* **HOW TO COMPLETE THIS TASK**: Go to the line below containing "Kouzlení s vodou" and print exactly from there through the line containing "하남시의회(의장 금광연)은 1일", both included. Print nothing else.

* **RECORDED INFORMATION**:
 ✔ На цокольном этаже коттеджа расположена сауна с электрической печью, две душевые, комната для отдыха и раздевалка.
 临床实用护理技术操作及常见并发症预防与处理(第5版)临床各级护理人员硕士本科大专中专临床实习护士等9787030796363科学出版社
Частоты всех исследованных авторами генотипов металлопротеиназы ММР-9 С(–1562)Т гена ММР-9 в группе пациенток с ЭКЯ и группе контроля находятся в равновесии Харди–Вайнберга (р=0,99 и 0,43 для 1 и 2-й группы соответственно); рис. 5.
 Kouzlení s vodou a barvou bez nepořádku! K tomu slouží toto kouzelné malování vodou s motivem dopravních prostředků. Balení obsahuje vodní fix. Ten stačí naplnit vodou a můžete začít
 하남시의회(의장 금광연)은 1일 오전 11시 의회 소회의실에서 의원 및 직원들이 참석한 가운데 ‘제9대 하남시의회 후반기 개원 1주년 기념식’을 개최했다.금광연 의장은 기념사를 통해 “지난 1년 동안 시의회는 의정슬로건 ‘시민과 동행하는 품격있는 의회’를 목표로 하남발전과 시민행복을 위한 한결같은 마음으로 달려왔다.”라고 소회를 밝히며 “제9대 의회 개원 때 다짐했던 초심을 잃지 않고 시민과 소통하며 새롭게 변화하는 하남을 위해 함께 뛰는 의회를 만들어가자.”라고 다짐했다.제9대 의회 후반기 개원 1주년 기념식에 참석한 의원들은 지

--

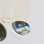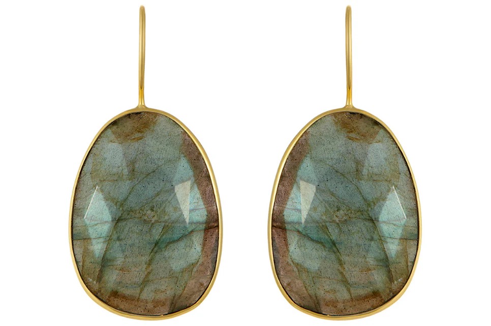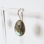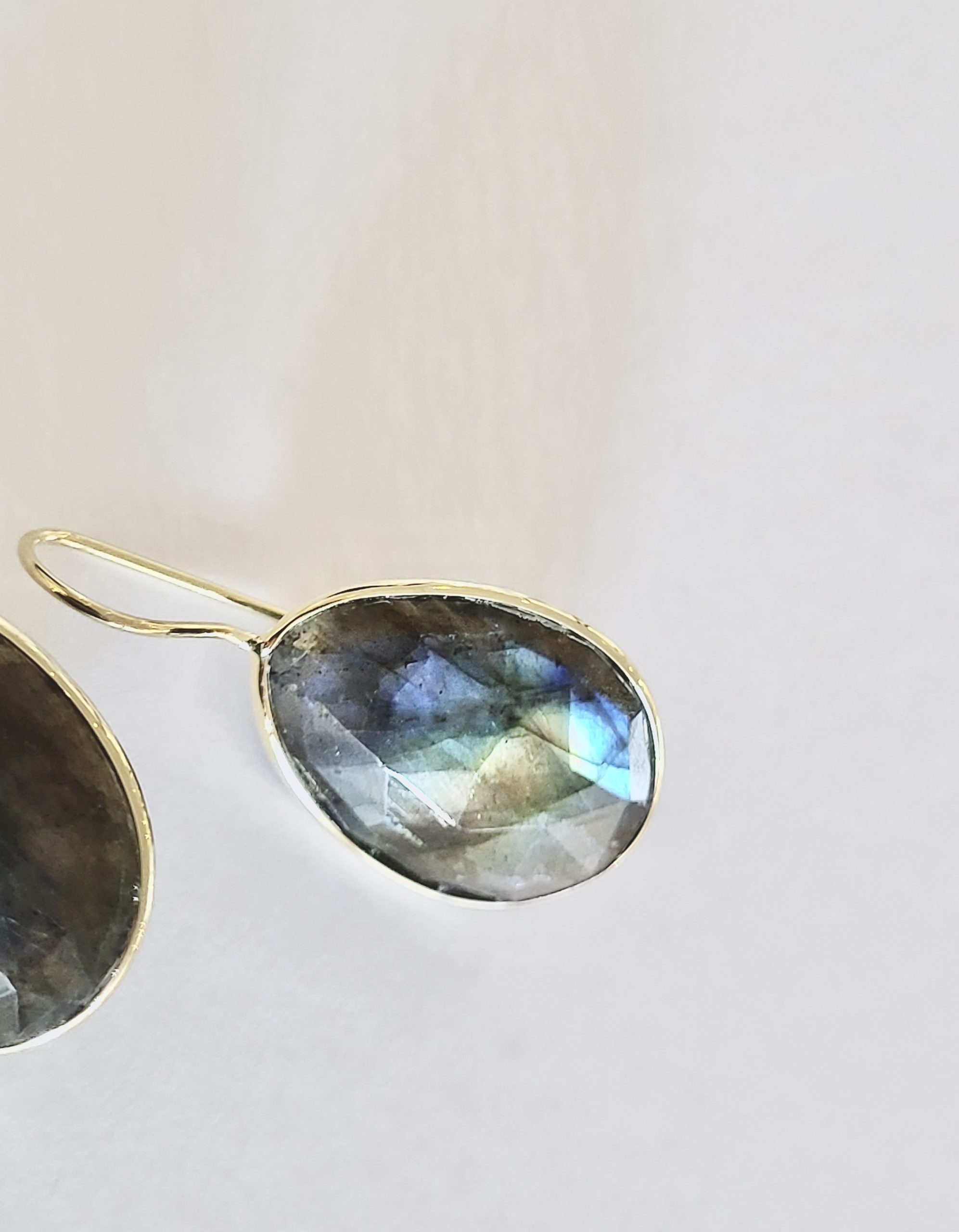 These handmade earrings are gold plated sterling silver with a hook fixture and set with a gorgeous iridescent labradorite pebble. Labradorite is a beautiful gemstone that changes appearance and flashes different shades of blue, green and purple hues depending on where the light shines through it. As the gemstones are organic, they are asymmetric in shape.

---

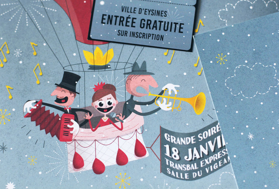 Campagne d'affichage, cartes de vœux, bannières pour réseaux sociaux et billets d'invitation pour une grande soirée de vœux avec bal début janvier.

* **TASK RESPONSE**:
 Kouzlení s vodou a barvou bez nepořádku! K tomu slouží toto kouzelné malování vodou s motivem dopravních prostředků. Balení obsahuje vodní fix. Ten stačí naplnit vodou a můžete začít
 하남시의회(의장 금광연)은 1일 오전 11시 의회 소회의실에서 의원 및 직원들이 참석한 가운데 ‘제9대 하남시의회 후반기 개원 1주년 기념식’을 개최했다.금광연 의장은 기념사를 통해 “지난 1년 동안 시의회는 의정슬로건 ‘시민과 동행하는 품격있는 의회’를 목표로 하남발전과 시민행복을 위한 한결같은 마음으로 달려왔다.”라고 소회를 밝히며 “제9대 의회 개원 때 다짐했던 초심을 잃지 않고 시민과 소통하며 새롭게 변화하는 하남을 위해 함께 뛰는 의회를 만들어가자.”라고 다짐했다.제9대 의회 후반기 개원 1주년 기념식에 참석한 의원들은 지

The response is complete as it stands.